As described above, the both end portions, in the wheel width direction Y, of the main body portion 13 are provided with joint portions 25g, 25h for jointing the top plate 25a and the bottom plate 25b, which form the beads 30, so that the top plate 25a and the bottom plate 25b are integrated on a bead 50.

These both end portions are provided with the pressing portions 35a, 35b that work when the sub air chamber member 10 is pressed and attached to the well portion 11c (see FIG. 2) side.

(Tube Body)

The tube body 18 (see FIG. 3) will be described below.

Returning to FIG. 3, the tube body 18 is the end portion, in the longitudinal direction (wheel circumferential direction X), of the sub air chamber member 10, and is disposed being biased to one of the side fringe portions, in the transverse direction (wheel width direction Y), of the sub air chamber member 10. Concretely, the tube body 18 in the present embodiment is disposed closer to the fringe portion 14b, which is one of the two fringe portions 14a, 14b.

The tube body 18 is formed such as to protrude from the main body portion 13 in the longitudinal direction (wheel circumferential direction X) of the sub air chamber member 10. More concretely, as shown in FIG. 4A, the tube body 18 is provided at the end portion, in the wheel circumferential direction X, of the main body portion 13, and is formed such as to protrude in the wheel circumferential direction X from the first region 13a of the main body portion 13.

As shown in FIG. 3, the inside of the tube body 18 is provided with a communication hole 18a.
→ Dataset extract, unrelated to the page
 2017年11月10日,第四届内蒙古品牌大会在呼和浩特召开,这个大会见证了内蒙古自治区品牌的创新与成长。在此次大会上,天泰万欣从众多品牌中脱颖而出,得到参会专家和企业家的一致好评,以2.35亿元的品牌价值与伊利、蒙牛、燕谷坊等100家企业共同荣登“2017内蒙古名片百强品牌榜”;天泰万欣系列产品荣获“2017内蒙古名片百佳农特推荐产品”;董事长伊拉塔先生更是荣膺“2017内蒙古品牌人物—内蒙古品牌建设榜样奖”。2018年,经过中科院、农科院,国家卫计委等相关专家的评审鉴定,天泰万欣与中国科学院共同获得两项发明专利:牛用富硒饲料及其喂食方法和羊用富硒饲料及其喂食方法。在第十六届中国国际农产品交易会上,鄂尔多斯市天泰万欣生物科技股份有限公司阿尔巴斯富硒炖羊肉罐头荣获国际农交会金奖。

The cross-sectional shape of the communication hole 18a in the present embodiment is substantially in a rectangular shape, which is longitudinal in the wheel radial direction Z. This communication hole 18a makes communication between a tire air chamber MC (see FIG. 2) and the sub air chamber SC (see FIG. 2).
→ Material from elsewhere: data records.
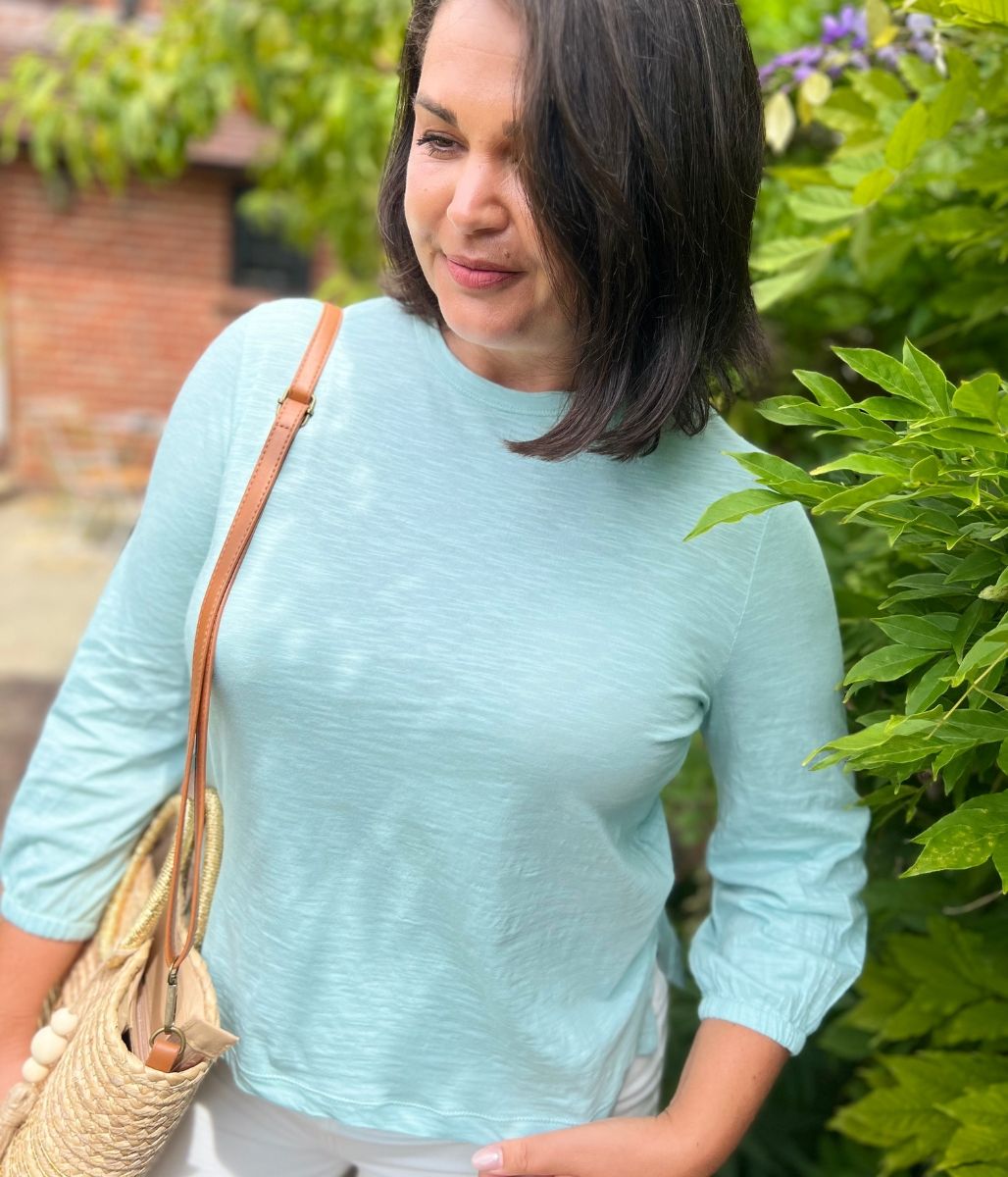 Featuring a relaxed fit, ¾ sleeves with elasticated cuffs, and side slits finished with woven herringbone trim, this top offers comfort and style. Perfect for any occasion, pair it with your favourite jeans for a chic and effortless look.
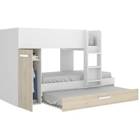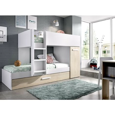 Lits superposés Crystal pour deux enfants Blanc mat et naturel avec armoire
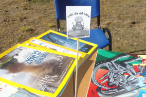 Con una exposición de libros en la plaza de la localidad celebramos el día del libro y el derecho de autor invitando a las instituciones a participar de esta actividad

In the present embodiment, as shown in FIG. 4B, the side plate 25d extends out from the main body portion 13 in the wheel circumferential direction X to form the side wall of the tube body 18.

Further, as shown in FIG. 5, the position of the outer side (the upper side of the paper sheet of FIG. 5), in the wheel radial direction Z, of the tube body 18 is shifted from the outside position, in the wheel radial direction Z, of the main body portion 13, namely from the position where the tube body 18 protrudes, toward the inner side in the wheel radial direction Z, as shown by a hollowed arrow in FIG. 5.
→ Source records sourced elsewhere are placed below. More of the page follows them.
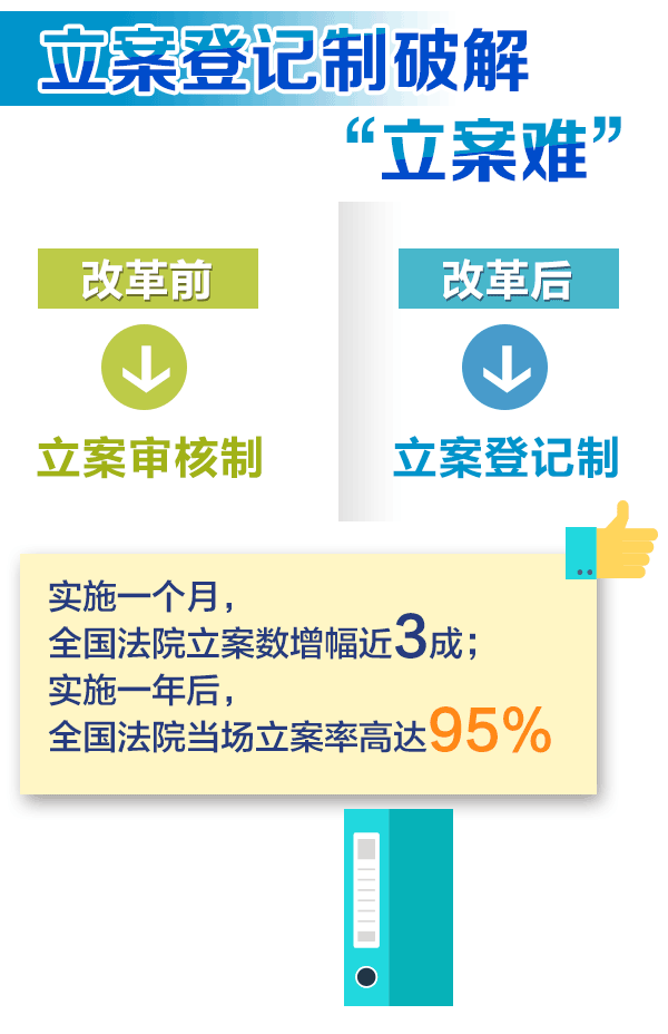 【進(jìn)展成效】去年5月1日,立案登記制改革在全國(guó)法院正式實(shí)施后,效果立竿見(jiàn)影。僅一個(gè)月,全國(guó)法院立案數(shù)增幅近三成,其中,行政案件數(shù)量同比增長(zhǎng)221%;一年后,全國(guó)法院收案數(shù)增長(zhǎng)28%,當(dāng)場(chǎng)立案率高達(dá)95%;2016年上半年,全國(guó)法院新收各類(lèi)案件1002.9萬(wàn)件,首次突破千萬(wàn)件。有案不立、拖延立案、年底不收案等現(xiàn)象基本消失。
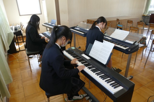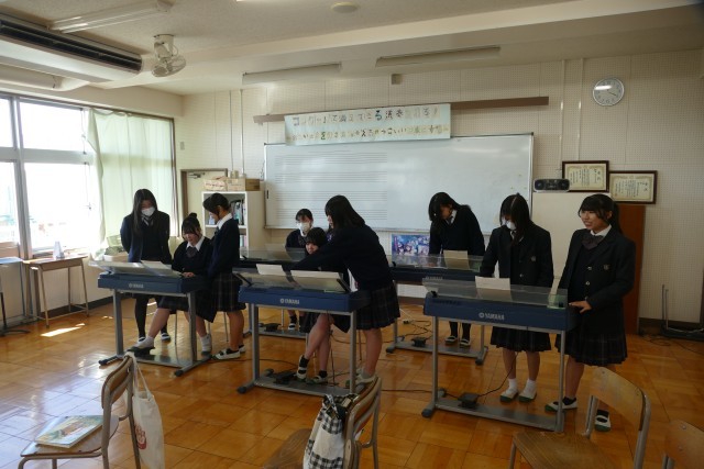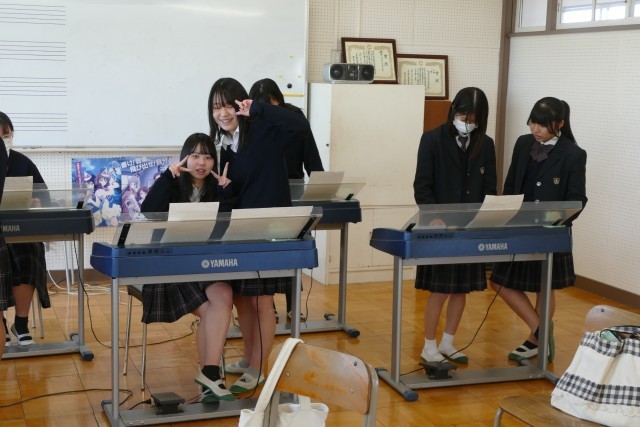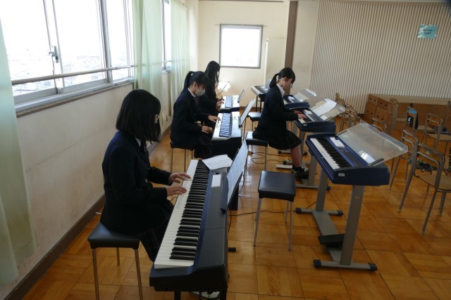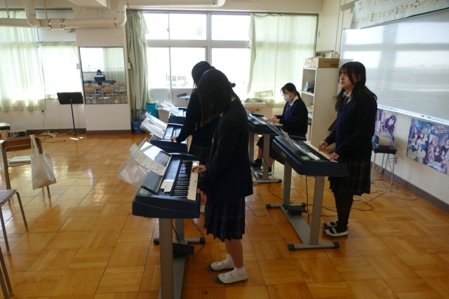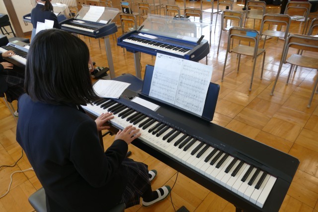 2月19日(木)3校時に音楽室で3年生のみなさんが、音楽の授業に一生懸命に取り組んでいました。男子は、廿楽先生の指導のもと、大きな声で歌っていました。すごい迫力です。素晴らしいです。女子は、電子ピアノの伴奏練習を友達と仲良く、まじめに取り組んでいました。素晴らしいです。
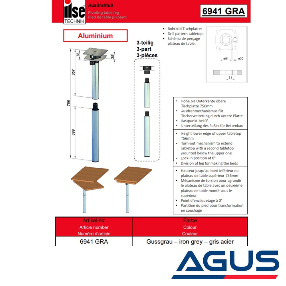 Karavanlar için Döner Tip Masa Ayağı
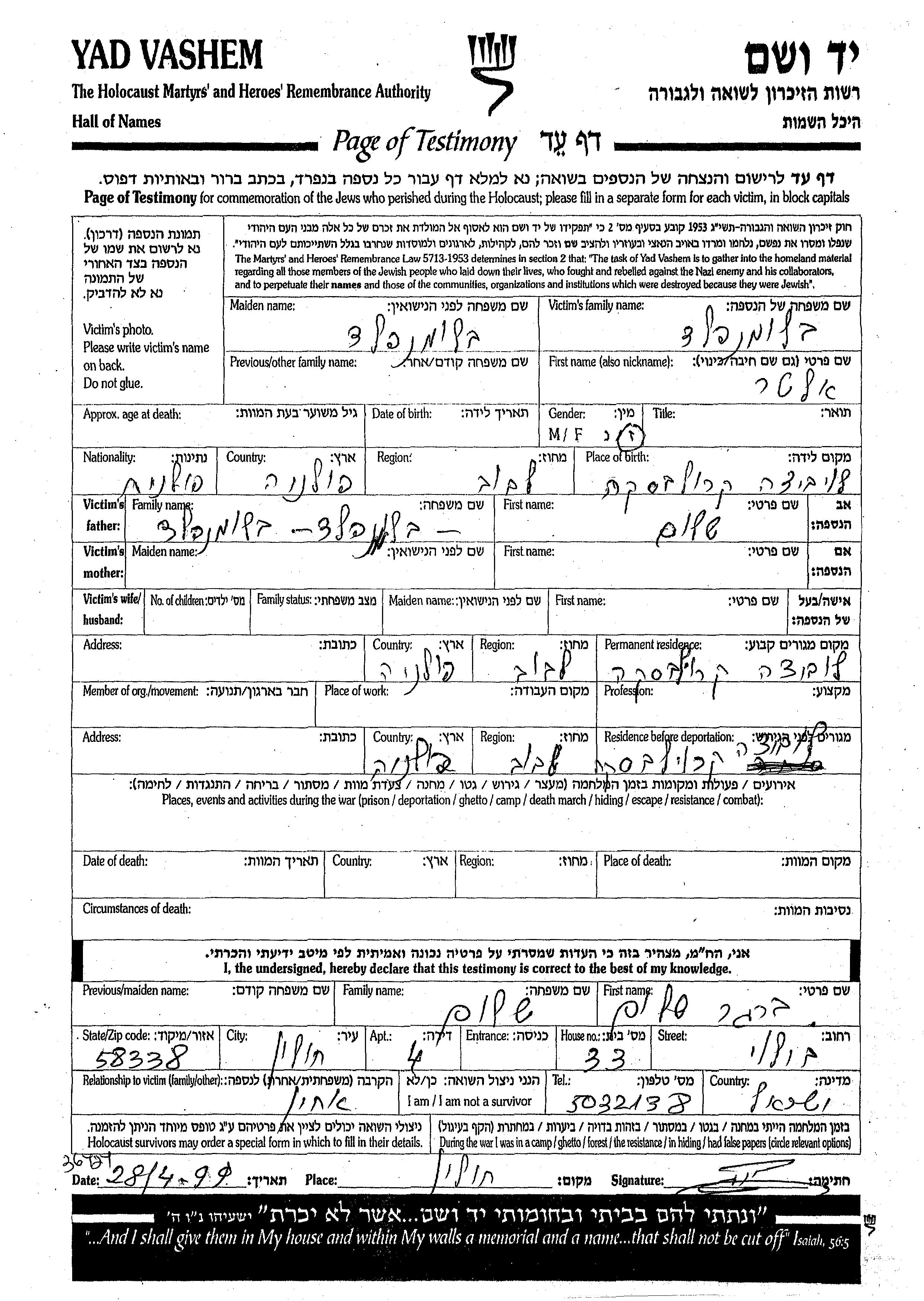 Alter Blumenfeld was born in Lubycza Krolewska, Poland to Shalom. Prior to WWII he lived in Lubycza Krolewska, Poland. During the war he was in Lubycza Krolewska, Poland. Alter was murdered in the Shoah.
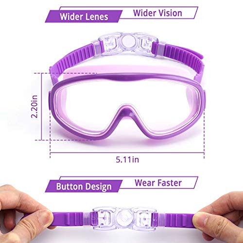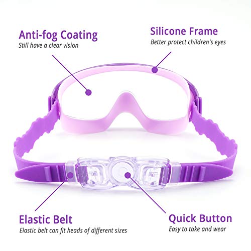 WIDER VISION – Our swim goggles are designed with wider lenses so that your kids will have 180-degree peripheral vision; Wider Flexible silicone frame provide extreme comfort and create a perfect seal around your eyes, ensuring no water in
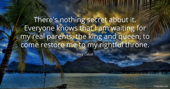 Cabot, Meg. (2026, January 16). There's nothing secret about it. Everyone knows that I am waiting for my real parents, the king and queen, to come restore me to my rightful throne. FixQuotes. https://fixquotes.com/quotes/theres-nothing-secret-about-it-everyone-knows-132510/
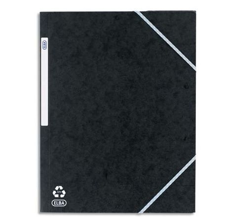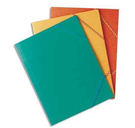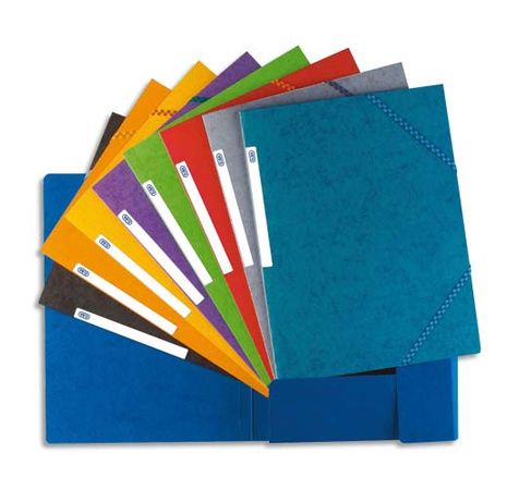En carte lustrée 5/10ème, 390g. Dos 2,5 cm. Fermeture par élastique rivetés sur la 4ème de couverture. Étiquette de dos. Dimensions : 24,5 x 32 cm. Pour format A4. Conditionnement conseillé : 50
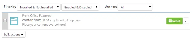 Modül listenizde yeni yüklenen ContentBox modülünü bulun ve Install'a tıklayarak kurun.

The length of the communication hole 18a is set such as to satisfy an expression represented by the following (Expression 1) for obtaining a resonant frequency of a Helmholtz resonator.f₀=C/2πx√(S/V(L+·x√S))  (Expression 1)

f₀ (Hz): resonant frequency

C (m/s): speed of sound inside of sub air chamber SC (=speed of sound inside of tire air chamber MC)

V (m³): volume of sub air chamber SC

L (m): length of communication hole 18a

S (m²): cross-sectional area of opening portion of communication hole 18a

·: correction coefficient

Incidentally, the above-described resonant frequency f₀ is adjusted to the resonant frequency of the tire air chamber MC.

(Fringe Portion)

The fringe portions 14a, 14b (see FIG. 3) will be described below.

As shown in FIG. 3, the fringe portions 14a, 14b are directed in the transverse direction (the wheel width direction Y) of the sub air chamber member 10 and extended outside in the wheel radial direction Z from the main body portion 13.

In more detail description, as shown in FIG. 2, the fringe portion 14a is formed such as to extend from the joint portion 25e between the top plate 25a and the side plate 25c toward the outside (the upper side of the paper sheet of FIG. 2) in the wheel radial direction Z. The fringe portion 14a in the present embodiment is extended from the joint portion 25e along the stand-up direction of the side plate 25c.

Further, as shown in FIG. 2, the fringe portion 14b is formed such as to extend from the joint portion 25f between the top plate 25a and the side plate 25d outward (the upper side of the paper sheet of FIG. 2) in the wheel radial direction Z. The fringe portion 14b in the present embodiment is extended from the joint portion 25f along the stand-up direction of the side plate 25d.

Out of these fringe portions 14a, 14b, the position of the fringe portion 14a on the first region 13a side is shifted outward in the wheel radial direction Z compared with the position of the fringe portion 14b on the second region 13b side.

The tip end of the fringe portion 14a is fitted into the groove portion 17a, and the tip end of the fringe portion 14b is fitted into the groove portion 17b. Thus, the sub air chamber member 10 is attached onto the well portion 11c of the rim 11.

Incidentally, the extending direction of the fringe portions 14a, 14b is desired to agree with the stand-up directions of the fringe portions 14a, 14b, however, as long as the fringe portions 14a, 14b are extended along the stand-up direction of the side plates 25c, 25d, a little deviation in the extending direction is permitted.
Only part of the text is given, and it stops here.